* [TASK DETAILS] Line by line, set down the records below from the first line through the line containing "Анна Бегунова (Фея". Omit the pictures.

########

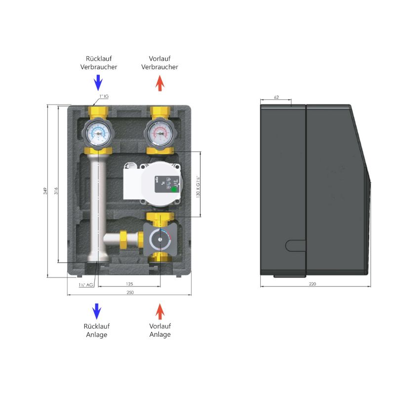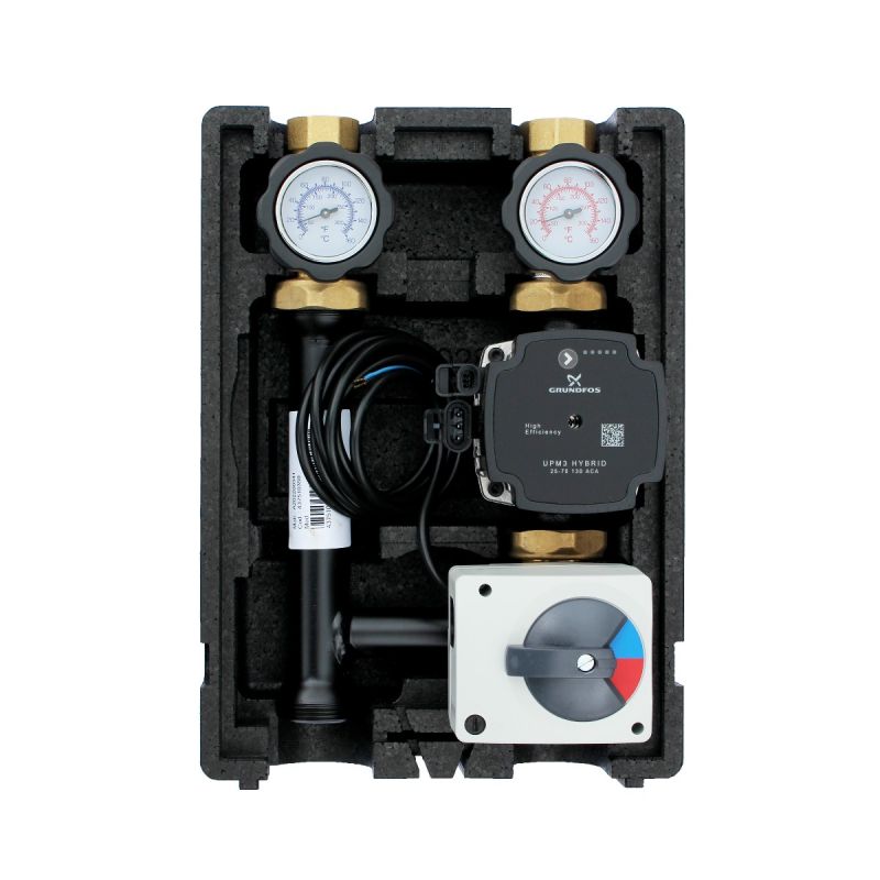 Heizkreispumpengruppe mit Drei-Wege-Mischer, ELODRIVE ST10 Stellmotor und GRUNDFOS UPM3 HYBRID 25/7 Hocheffizienzpumpe, inkl. Wandhalterung
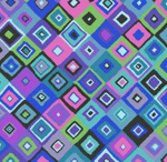 This vibrant print fabric includes the colours, shades of blue, purple, pink, green and black.
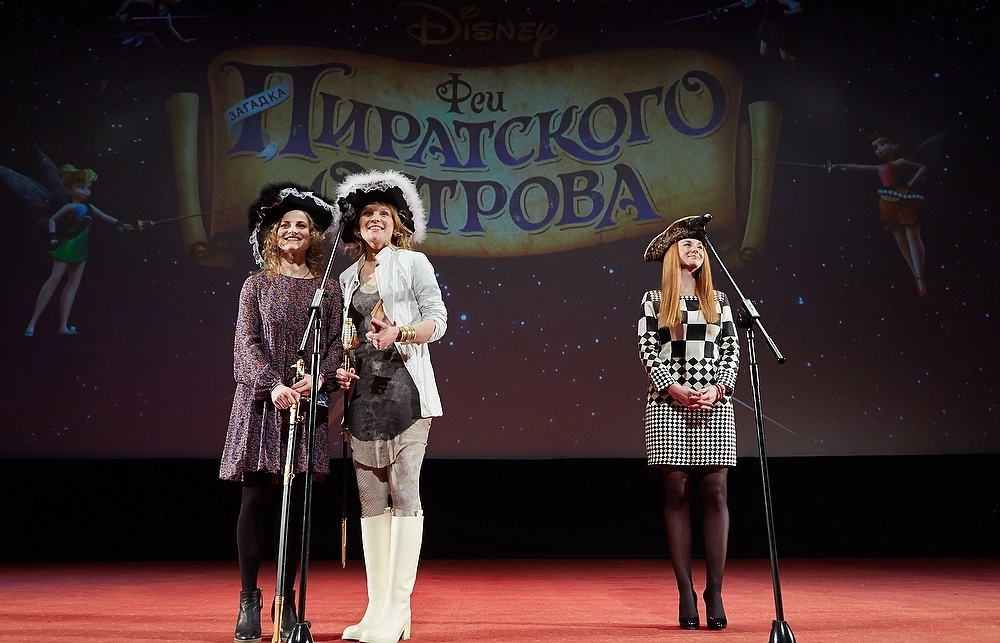 Анна Бегунова (Фея Динь-Динь), Лена Катина (Фея Зарина) и Елена Великанова (Фея Видия) на российской премьере мультфильма «Феи: Загадка Пиратского острова»
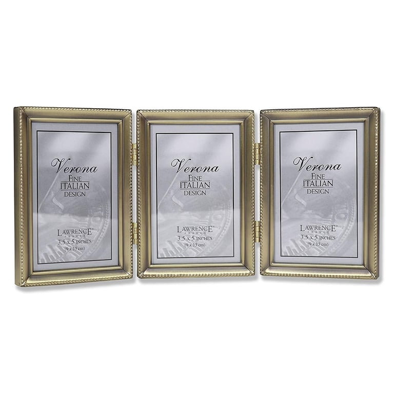 Main view Product Details Lawrence Frames® Classic antiqued gold-tone hinged 3½x5 triple frame — Antiqued goldtone frame is now available in a hinged trio.Satin finished, it is beautifully crafted with tightly joined seams and corners. Nicely backed for wonderful desk appeal. Glare resistant glass lenses.By Lawrence®. Click the Lawrence Frame collection to shop the entire line. Classic antiqued gold-tone hinged 3½x5 triple frame Model #751148034975 List $40.00 You pay $26.95 In stock Ships next business day [?] Your Price Match is Active Your request for a price of $0.00 for a minimum quantity of has been accepted. You have [time] left to purchase this item for $0.00 instead of $26.95 each. Find a Lower Price? We BEAT All Authorized Retailers [?] FEATURESDisplays:3.50"x5"Material:Gold plateOccasion:Anniversary, Birthday, Good luck, Mother`s Day, Retirement, Teacher gifts, Thank-Motivate-Reward, Celebrating Travels, WeddingStyle:Antique, Classic, TraditionalOrientation:Vertical OnlyBrand:Lawrence Frames®Display Type:Desktop or Wall This item ships in its own box SHARE THIS ITEM Share on Facebook
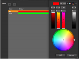 2つの新しいビューには、デフォルトで赤と緑の色が割り当てられています。色を変更するには、色フィールドをダブルクリックして、カラーピッカーから別の色を選択します。
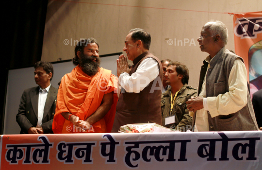 Janata Party President Subramanian Swamy and yoga guru Baba Ramdev with KN Govindacharya, former BJP General Secretary, RSS Ideologu during an event against corruption in New Delhi, India, Saturday, Feb. 4, 2012. Judge OP Saini dismissed Swamy's petition plea for trial of Home Minister P Chidambaram along with former telecommunications minister A Raja who was forced to resign last year because of a multibillion-dollar telecoms scandal and later arrested by police. Two days ago, India's top court ruled that the 122 licenses granted in the 2008 deal be scrapped. Photo Credit: Indian Photo Agency
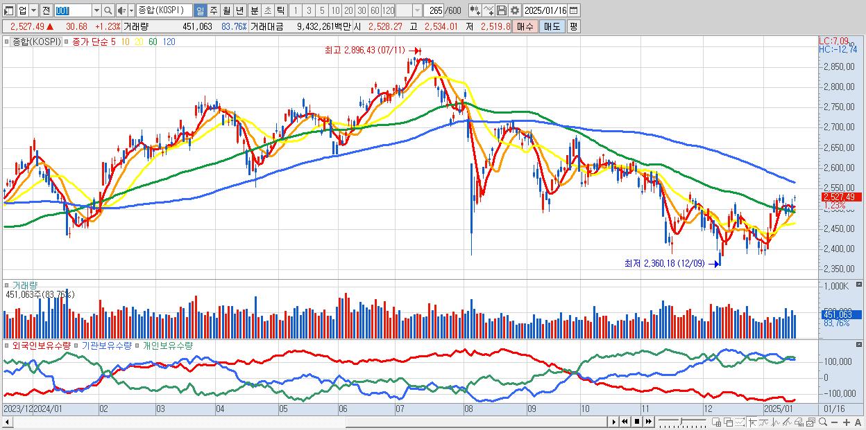 01/16 | 2,527.49 | ▲1.23% | -5,757억 | 6,244억 | 190억 | -677억 |
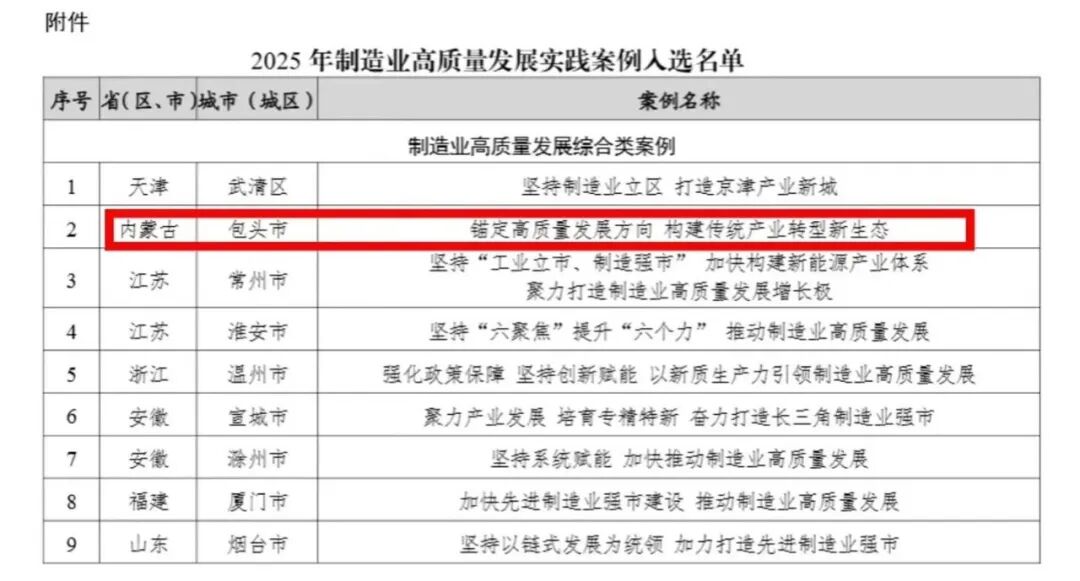 ▶近日,工信部公示了2025年制造业高质量发展实践案例名单,包头市工信局报送案例入选,是自治区唯一入选案例。详情
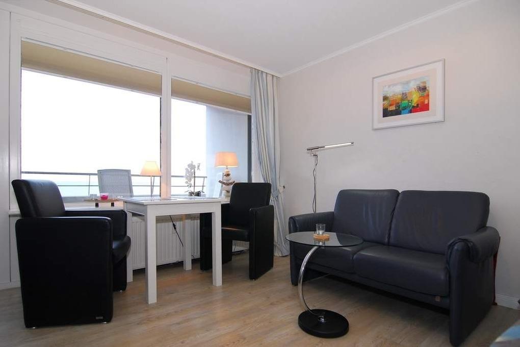 Exklusive 1-Zi.-Ferienwohnung im 2.OG zur Seeseite, ca. 34 m², "Haus am Meer". Nichtraucher![ Wohn-/Schlafraum mit Doppelbett (160x200, 2 Matratzen á 80 cm), Zweisitzercouch, Tisch, 2 Sessel, Essplatz am Fenster mit Blick aufs Meer, Radio, Flat-TV, DVD, W-LAN ( ohne Gewähr ). Westbalkon mit Balkonmöbel, Duschbad/WC, Küchenzeile mit Geschirrspüler u. Mikrowelle im Flurbereich! Tierhaltung ist nicht gestattet! Bettwäsche und Handtücher sind zur Anreise aufgezogen. Ein PKW-Stellplatz kann kostenpflichtig zugebucht werden. Beginnend vom 15.10.2025 bis 5.4.2026 (Ostern) findet die Fassandensanierung der Landseite (Osten) sowie des Südgiebels statt. Mit Baulärm ist in dieser Zeit zu rechnen.

########

* [COMPLETED TASK]
 Heizkreispumpengruppe mit Drei-Wege-Mischer, ELODRIVE ST10 Stellmotor und GRUNDFOS UPM3 HYBRID 25/7 Hocheffizienzpumpe, inkl. Wandhalterung
 This vibrant print fabric includes the colours, shades of blue, purple, pink, green and black.
 Анна Бегунова (Фея Динь-Динь), Лена Катина (Фея Зарина) и Елена Великанова (Фея Видия) на российской премьере мультфильма «Феи: Загадка Пиратского острова»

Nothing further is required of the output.